An exact, picture-free copy of the listing is required.

**** Data block

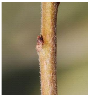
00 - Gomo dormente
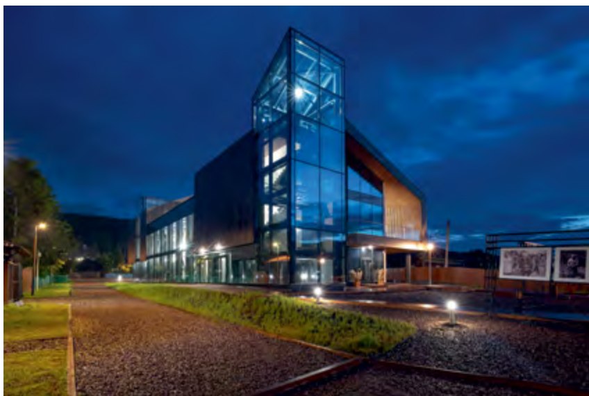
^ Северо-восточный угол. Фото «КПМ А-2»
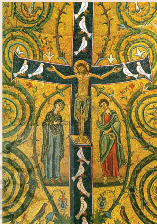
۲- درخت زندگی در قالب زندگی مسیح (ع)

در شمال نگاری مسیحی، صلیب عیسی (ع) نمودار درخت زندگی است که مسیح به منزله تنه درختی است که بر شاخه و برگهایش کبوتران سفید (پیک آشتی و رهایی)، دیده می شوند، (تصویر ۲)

********

• [Exercise answer]
00 - Gomo dormente
^ Северо-восточный угол. Фото «КПМ А-2»
۲- درخت زندگی در قالب زندگی مسیح (ع)

در شمال نگاری مسیحی، صلیب عیسی (ع) نمودار درخت زندگی است که مسیح به منزله تنه درختی است که بر شاخه و برگهایش کبوتران سفید (پیک آشتی و رهایی)، دیده می شوند، (تصویر ۲)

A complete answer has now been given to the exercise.